This global shortage is due to an unexpected increase in demand as well as manufacturing constraints. Pfizer advises that normal supplies of the higher strength will return by end-June 2024, while normal supplies of the lower strength are expected to return by mid-November 2024.

The Therapeutic Goods Administration (TGA) has authorised the supply of an internationally registered alternative of the 1.2 million IU strength under Section 19A of the Therapeutic Goods Act 1989. This product differs from the Australian version in presentation, storage, final volume, and excipients.
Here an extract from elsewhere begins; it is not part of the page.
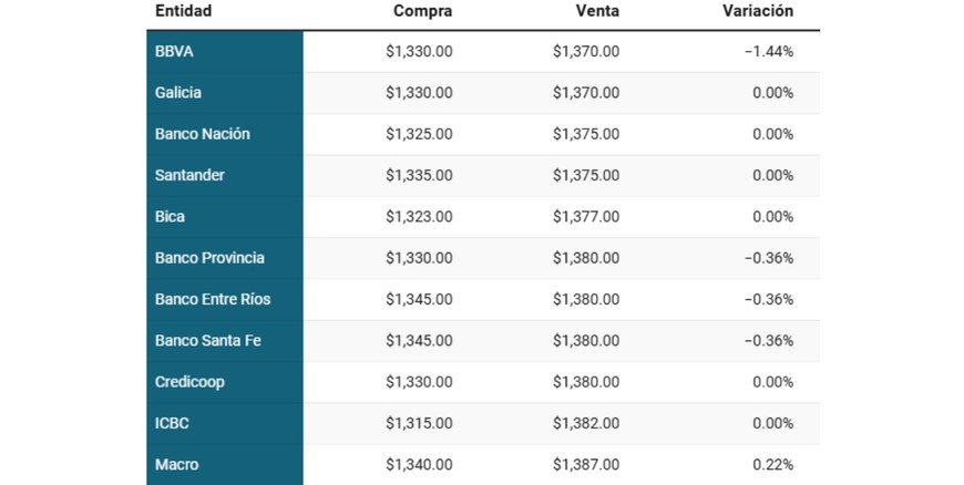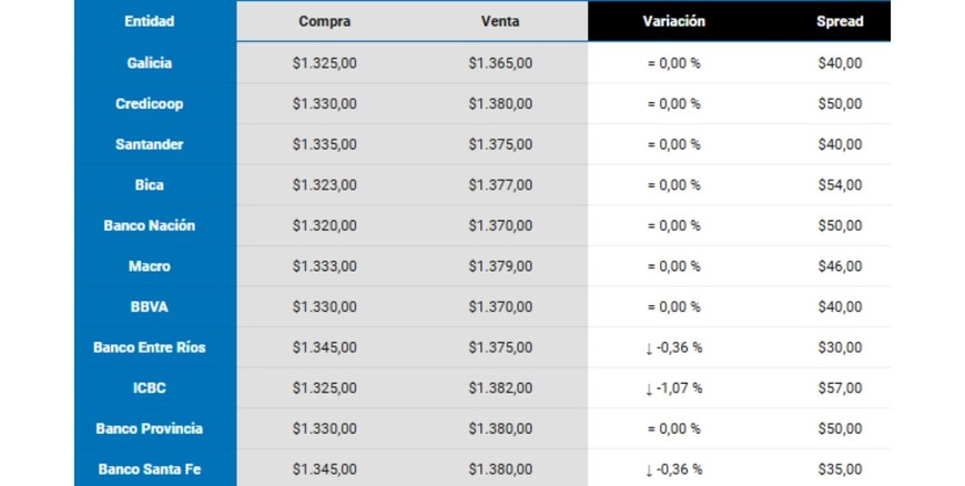Martes 05.0809:31 La cotización de cada banco al cierre del lunes

Some of the key differences are shown in the table below.

	Bicillin® L-A	S19A alternative
Expression of active ingredient	Benzathine benzylpenicillin tetrahydrate	Benzylpenicillin benzathine
Appearance	White fluid suspension Pre-filled syringe	Vial of powder + ampoule of solvent for suspension
Volume required for 1.2 million IU dose	2.3 mL	3.5 mL diluent + powder = 4.5 mL (approx.)
Preparation	Pre-filled single use syringe	Reconstitute immediately before use
Consumer information	Australian CMI	UK leaflet
Product information	Australian PI	UK Summary of Product Characteristics
Storage conditions	2-8°C (storage at 30°C allowed for single period of 2 months)	Below 25°C

During this supply interruption, Pfizer will be closely controlling the supply of very limited quantities of Bicillin^® L-A. Bicillin^® L-A pre-filled syringes should be conserved for use in neonatal and paediatric patients and in healthcare settings where the S19A product is not appropriate. Advice should be sought from an infectious disease expert, local guidelines, and/or the Australian Therapeutic Guidelines.

For further information, including important safety considerations, please refer to the fact sheet produced by the Australian Commission on Safety and Quality in Health Care.

Retain this notice in a prominent position, including in other related business units until supplies return to normal. Report any problems identified with medicines, vaccines or medical devices to the TGA.

Should you require further information regarding this matter, please contact Pfizer on 1800 675 229, or your pharmacist at HPS Pharmacies.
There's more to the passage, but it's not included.